§ **INSTRUCTIONS FOR THE TASK**
Starting at the top of the listing, extract every line up to and including the one with "Brown and Purple Tufted Shoe Storage Bench". Pictures stay out of the copy.

GIVEN DATA START

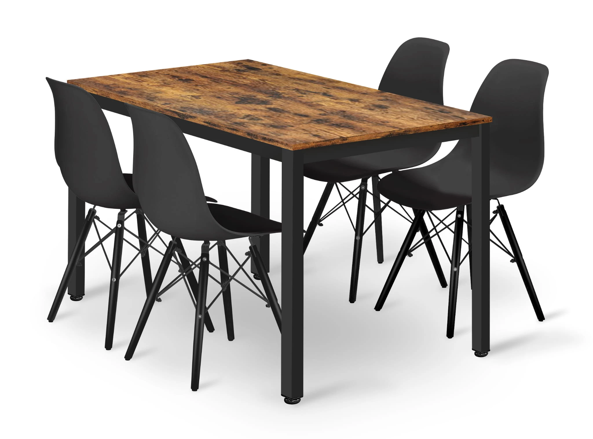 Zestaw stół prostokątny TESSA 120x60 rustykalny + 4 krzesła OSAKA czarne
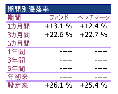しかしながら、設定来3ヶ月で+26.1%と大きなリターンをあげております。
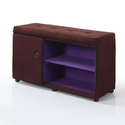 Brown and Purple Tufted Shoe Storage Bench
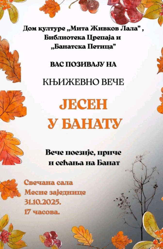 U organizaciji Doma kulture ,,Mita Živkov Lala”, ,,Banatske Petice” i Opštinske biblioteke, ogranka u Crepaji, 31. oktobra, biće održano književno veče pod nazivom ,,Jesen u Banatu”. Ovaj kulturni događaj biće održan u svečanoj sali Mesne zajednice u Crepaji sa početkom u 17 sati i biće posvećen poeziji, pričama i sećanjima na Banat, večitoj inspiraciji književnika i pesnika iz naših krajeva.
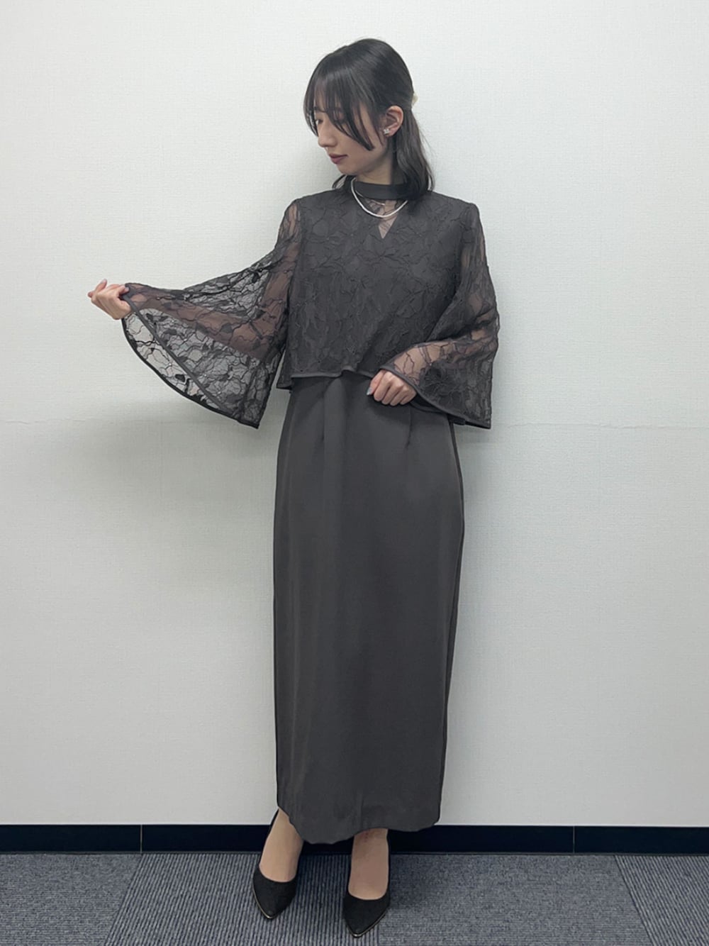 チャコールグレーを購入。フレア袖で二の腕の太さをカバーしてくれるのが有難い!あと、ワンピースの生地がしっかりしてるので、安心感もあります。

GIVEN DATA END

§ **OUTPUT**
 Zestaw stół prostokątny TESSA 120x60 rustykalny + 4 krzesła OSAKA czarne
しかしながら、設定来3ヶ月で+26.1%と大きなリターンをあげております。
 Brown and Purple Tufted Shoe Storage Bench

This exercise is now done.